RECORDS FOR THE TASK
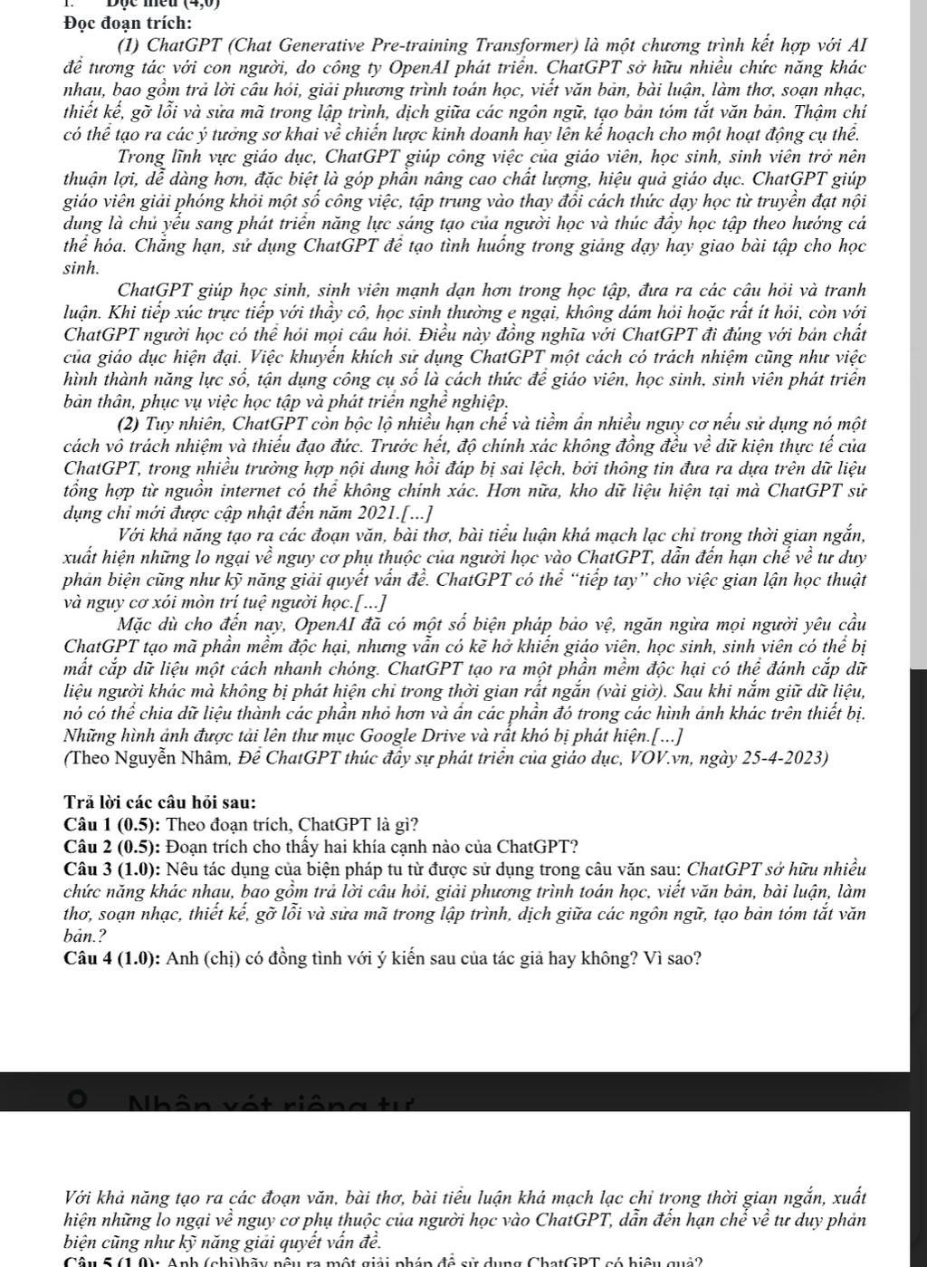 4. Em hoàn toàn đồng tình với quan điểm này. Việc học sinh, sinh viên lạm dụng ChatGPT để viết các đoạn văn, bài luận, bài thơ tốt chỉ trong thời gian ngắn sẽ dẫn đến hậu quả là phụ thuộc, lâu dần là mất khả năng tự tìm kiếm nguồn tài liệu,cách hành văn, tư duy và khả năng học tập. Vì CHatGPT đem đến các bài văn tham khảo vô cùng nhanh chóng, chính xác khiến cho con người lâu ngày dễ bị phụ thuộc
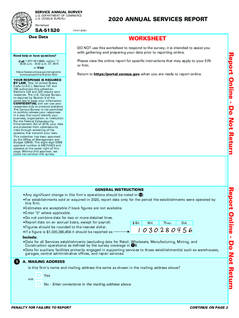 OMB No. 06070422: Approval Expires: 12/31/2021SERVICE ANNUAL SURVEY U.S. DEPARTMENT OF COMMERCE U.S. CENSUS BUREAU2020 ANNUAL SERVICES REPORTWorksheet FORMSA51520 Due Catcall 18777879860, option \”
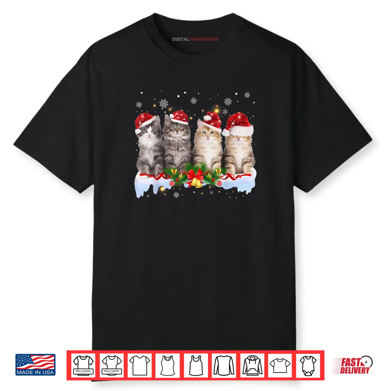 Cat Christmas Light Santa Hat Xmas Decorations Meowy Catmas Shirt
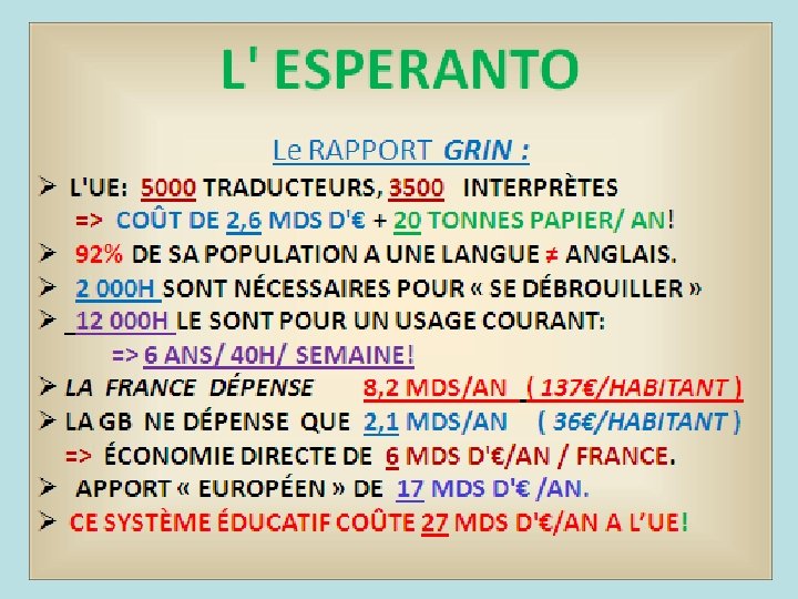 Quel est l’avantage d’une langue neutre Elle met les interlocuteurs au même niveau Supériorité Infériorité Supériorité Si la conversation est en anglais Si la conversation est en français Egalité Mais si la conversation est en esperanto
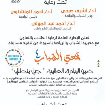 إدارة الاتحادات الطلابية بالإدارة العامة لرعاية الطلاب دعوة لمشاركة الطلاب والطالبات في مسابقة( تحدي الشباب ٤ )ضمن المبادرة العالمية " جيل منطلق " التي تنفيذها وزارة الشباب والرياضة بالتعاون مع ( منظمة الأمم المتحدة للطفولة اليونيسيف - البرنامج الانمائى

WHAT THE TASK ASKS
With pictures excluded, reproduce exactly the lines above from the one containing "Cat Christmas Light" down to the one containing "Quel est l’avantage", those two included.

WRITTEN REPLY
 Cat Christmas Light Santa Hat Xmas Decorations Meowy Catmas Shirt
 Quel est l’avantage d’une langue neutre Elle met les interlocuteurs au même niveau Supériorité Infériorité Supériorité Si la conversation est en anglais Si la conversation est en français Egalité Mais si la conversation est en esperanto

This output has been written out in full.